Salmon en Croute
Imagine succulent salmon with a delicious sauce, all cooked in a light puff pastry… That’s Salmon en Croute and it’s so easy!
  Serves:  4       Print   FavoriteLoading Add to My Favourites
  • 350 g (12 oz) salmon fillet, skinned
  • 250 g (8 oz) puff pastry (although you can use shortcrust pastry)
  • 125 g (4 oz) cream cheese
  • Juice and zest of half a lemon
  • ¼ cup fresh dill (1 tbsp dried dill)
  • Milk or beaten egg
  1. Mix together the cream cheese, lemon juice, lemon zest and dill to form a creamy paste.

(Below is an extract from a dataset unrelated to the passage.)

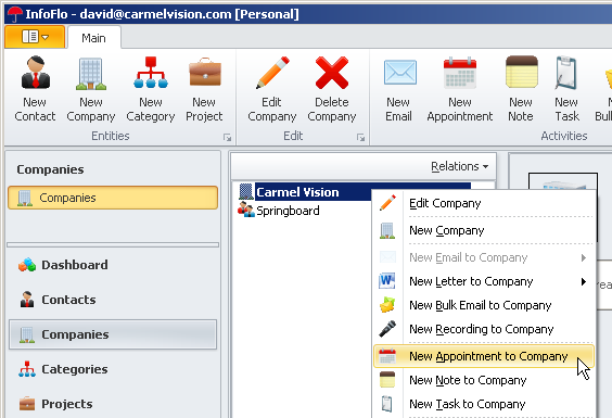 'New Appointment to Contact'. - To add a new appointment to a Company, right click the Company and click

  2. Roll out the pastry on a floured surface to about 8″ x 12″ (20 cm x 30 cm).
  3. Spoon the creamy sauce onto one side of the salmon and place it sauce-side down in the middle of the pastry. Brush the edges of the pastry with water and fold the pastry around the salmon as if wrapping a parcel.
  4. Turn the parcel over and make several small holes in the pastry to allow steam to escape. Brush with milk or beaten egg and bake at 200°C for 30-40 minutes until the pastry is puffed up and golden.
Titli's Tips
Puff pastry is definitely the best for this recipe, but shortcrust pastry can be used too. Serve with new potatoes and a vegetable of your choice.

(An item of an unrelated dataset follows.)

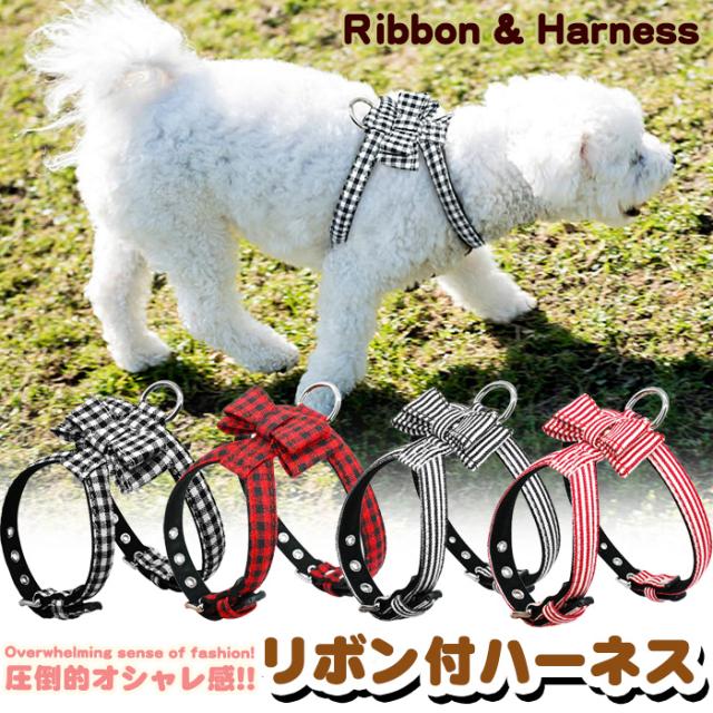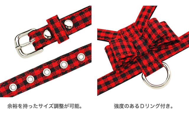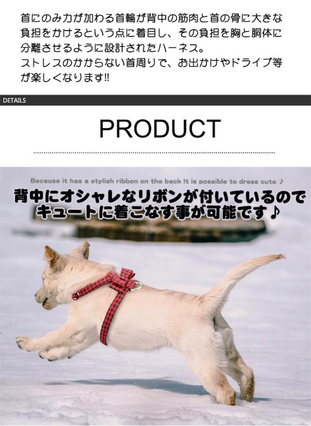 犬 猫 ハーネス チェック ペット 服 胴輪 キャット ドッグ リボン h0229

This recipe is incredibly versatile. There are so many possible variants to the accompanying sauce. For example:

Changing the herbs to parsley or thyme. Adding extra ingredients such as ground black pepper, a tsp of mustard or a tsp of Thai red curry paste.

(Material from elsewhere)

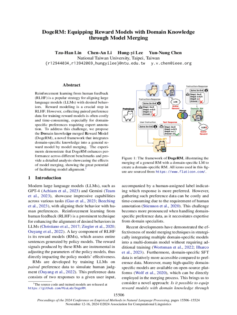 This paper introduces DogeRM, a novel framework that integrates domain-specific knowledge into general reward models through model merging. It addresses the challenges of gathering preference data for reinforcement learning from human feedback (RLHF) by showing that merging reward models with language models fine-tuned on domain-specific datasets can enhance performance in various benchmarks. The study demonstrates significant performance improvements in tasks related to math and coding,...

You can even use other meaty fish such as cod or haddock. Let your imagination run wild!

Nutrition Facts
Amount Per Serving       % Daily Value
Calories 411 20%
Calories from Fat 252
Total Fat 28.0g 43%
Saturated Fat 8.9g 44%
Unsaturated Fat 16.4g
Amount Per Serving       % Daily Value
Total Carbohydrate 15.9g 5%
Dietary Fibre 0.5g 2%
Sugars 1.4g
Protein 23.2g 46%
Cholesterol 73.9mgs 24%
Percent Daily Values based on a 2,000 calorie diet.